Wow, I knew there was a reason I choose Deere........oooops


----------



## stack em up (Mar 7, 2013)

somedevildawg said:


> Wow, I knew there was a reason I choose Deere........oooops


It's cuz you didn't know any better, but we all make mistakes in life Dawg....


----------



## Hayman1 (Jul 6, 2013)

Deere apparently had a problem with the kingpin bushing and bearing in the 6M series. Did a factory recall. Called one day and arranged to pick up my 6115M. Got it back a few days later with an entirely new front end (fwd). Shop manager said about 6K. I had not had any issues but the recall standard apparently was, if the bearing was compromised in any way, change out the front end. Worked around my schedule and had it back in the promised number of days. Can't beat that with a stick.


----------



## mike10 (May 29, 2011)

This is what I hate about dealing with the public. Most people are easy to get along with and will give you a chance to make things right before they go off the deep end. Being pro active is one thing but demonizing the dealer before he even has a chance to asses the problem and given a chance to rectify the problem is another.

We all like to have problems corrected immediately, but sometimes the solution is just not available at the time, such as the clutch cable. While JD replaced the axle for Hayman, there were other individuals who had the problem before him, and the PIP, that were probably just as upset about their FWD failing.

There will be time to judge the outcome and remember none of us has seen the damage that was described to us. We are reacting to words and without any. ANY, infromation to substantiate the claims the dealer will not make it right.

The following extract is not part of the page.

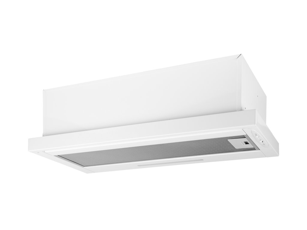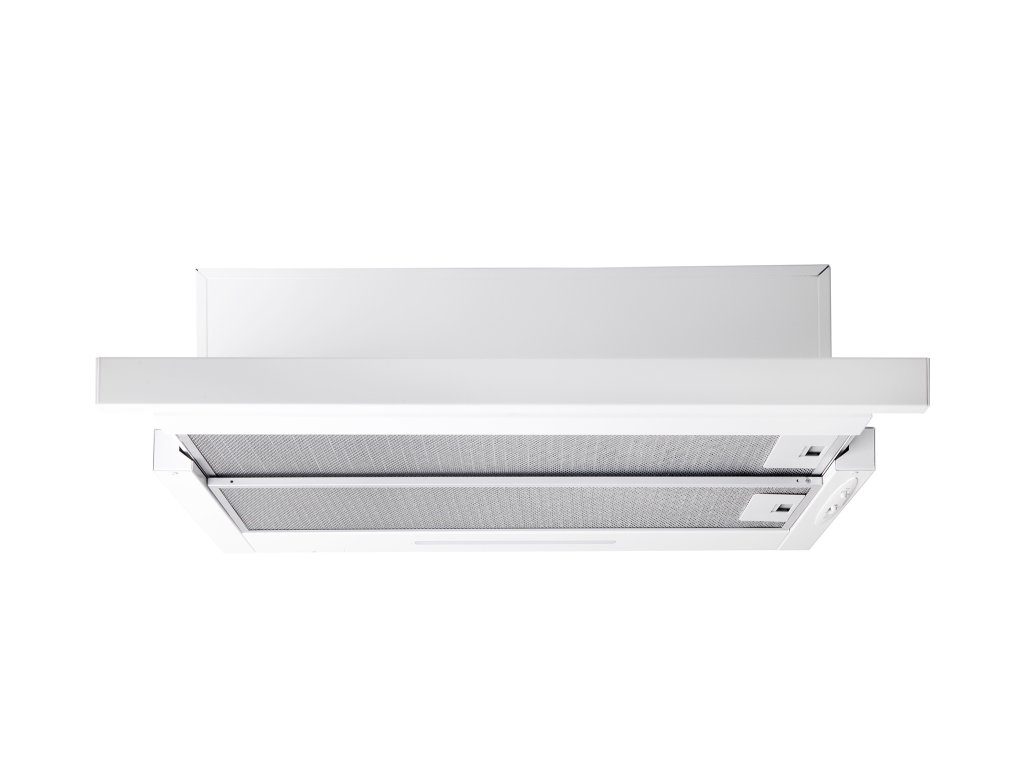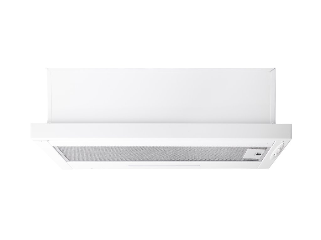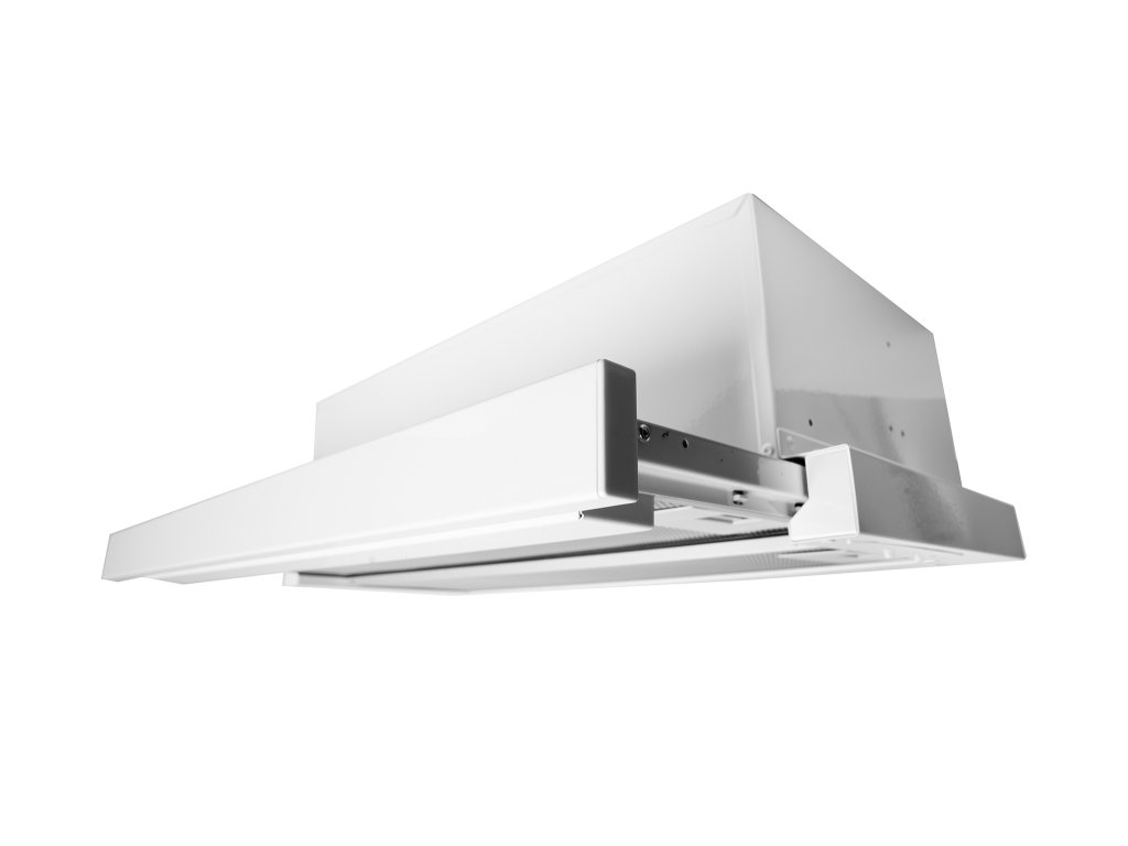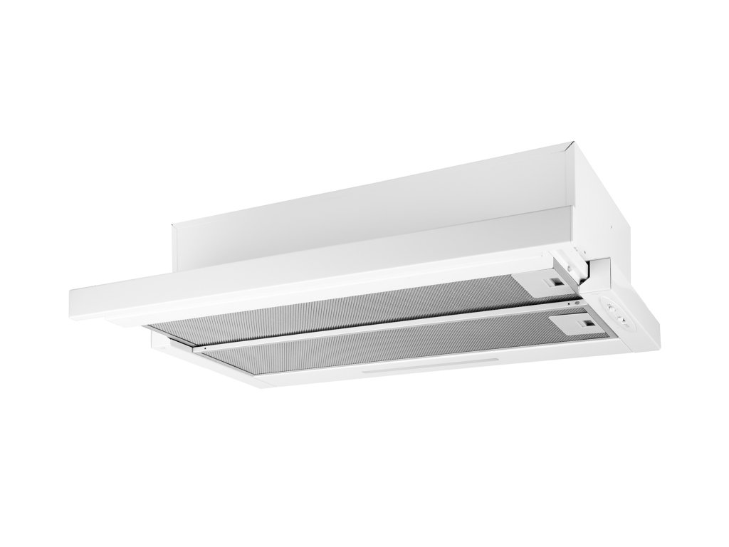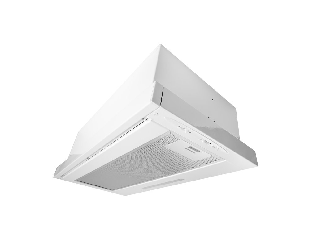 Vestavná digestoř výsuvná, jediná na trhu s odtahem dozadu nebo nahoru (oba 120 mm), šíře 60 cm, bílá, max. výkon 338 m³/h (15 Pa), hlučnost Lw 56 – 71 dB(A), 3 rychlosti, odsávací jednotky mají individuálně vyvažovanou turbínu, motory jsou opatřené vratnými tepelnými pojistkami (při přetížení motoru vypne, po jeho vychladnutí opět sepne), mechanické posuvné ovládání, kovové sendvičové tukové filtry, které lze mýt v myčce, možnost práce v odtahovém i recirkulačním režimu, Výbava: úsporné LED osvětlení 1 × 2,8 W (LED pásek), zdarma zpětná klapka Recirkulační režim u vestavných digestoří: Digestoř se osadí uhlíkovým pachovým filtrem. Přefiltrovaný vzduch se z digestoře odvádí obdobně jako u odtahového režimu trubkou, která prochází celou skříňkou. Tato trubka však neústí kolenem do zdi, ale nad skříňku, kde ji doporučujeme zakončit mřížkou. Pro výrobu skříňky je směrodatný rozměrový nákres a údaje v něm uvedené. Fotografie digestoří jsou ilustrační.Doplňkové parametry

Sorry if I infuriated some of you, but sometimes you need to look at the other side of the issue and examine both sides auguments before coming to a decision.


----------



## rajela (Feb 15, 2014)

mike10 said:


> This is what I hate about dealing with the public. Most people are easy to get along with and will give you a chance to make things right before they go off the deep end. Being pro active is one thing but demonizing the dealer before he even has a chance to asses the problem and given a chance to rectify the problem is another.
> 
> We all like to have problems corrected immediately, but sometimes the solution is just not available at the time, such as the clutch cable. While JD replaced the axle for Hayman, there were other individuals who had the problem before him, and the PIP, that were probably just as upset about their FWD failing.
> 
> ...


I agree mike10....


----------



## somedevildawg (Jun 20, 2011)

mike10 said:


> This is what I hate about dealing with the public. Most people are easy to get along with and will give you a chance to make things right before they go off the deep end. Being pro active is one thing but demonizing the dealer before he even has a chance to asses the problem and given a chance to rectify the problem is another.
> 
> We all like to have problems corrected immediately, but sometimes the solution is just not available at the time, such as the clutch cable. While JD replaced the axle for Hayman, there were other individuals who had the problem before him, and the PIP, that were probably just as upset about their FWD failing.
> 
> ...


Wow, a bit touchy are we......who exactly are you talking about "the public"? You mean the guys that come in and plunk down theyre hard earned money? 
Sounds like the distric manager is the one who should upset you mike.....not the guys paying through the nose and ears for equipment.....there is no excuse for any tractor being tied up for months dues to a faulty cable, I wonder if he could forego payments while they rectified the situation.
In terms of the OP, I really don't know who said anything about a dealer not making it right anyways......I hope they do, he paid his hard earned money for it, and as farmers we always seem to be the last guy standing with a checkbook in our hands.....IDK if that makes me "the public" or not, but I prefer to take the stance that I can spend said $ with anyone I please, make me happy and I'll reciprocate, if not, I'll go elsewhere in the future.....it's really purty simple.


----------



## lfc (Jun 23, 2010)

Perhaps I should explain a little more about my clutch cable issue. Within less than 200 hours from new, the clutch pedal started sticking to the point where you could feel the pedal not coming up with your foot. This made it impossible to hitch up to anything or take off without a lurch. CNH apparently knew they had an issue, as they soon released a new clutch pedal and a service bulletin outlining a few things to check. Nothing solved the problem on my tractor. The dealer ended up splitting it five or six times, changing out the clutch, Dual Command front housing, throwout bearing, and a couple of clutch cables. They finally cut a hole in the floor of the cab and rigged up a solid linkage from an open station TS6020. Clutch worked fine then, but the noise when you pushed the clutch down sounded like the world was ending inside the cab. I lived with that for a year, and finally sent the old clutch cable to a cable shop to have a new one built. $180 later, it works like it should and is quiet again. If only CNH had tried that early on. I had other issues with the remote valve that was finally replaced after the third time it was in for repairs, needed a new injection pump after 300 hours, and had a few wiring issues too. More issues with this TS6020 than all my other Fords combined. Like the 5610S it was made in Mexico, but my clutch issue was a design problem, not a quality issue.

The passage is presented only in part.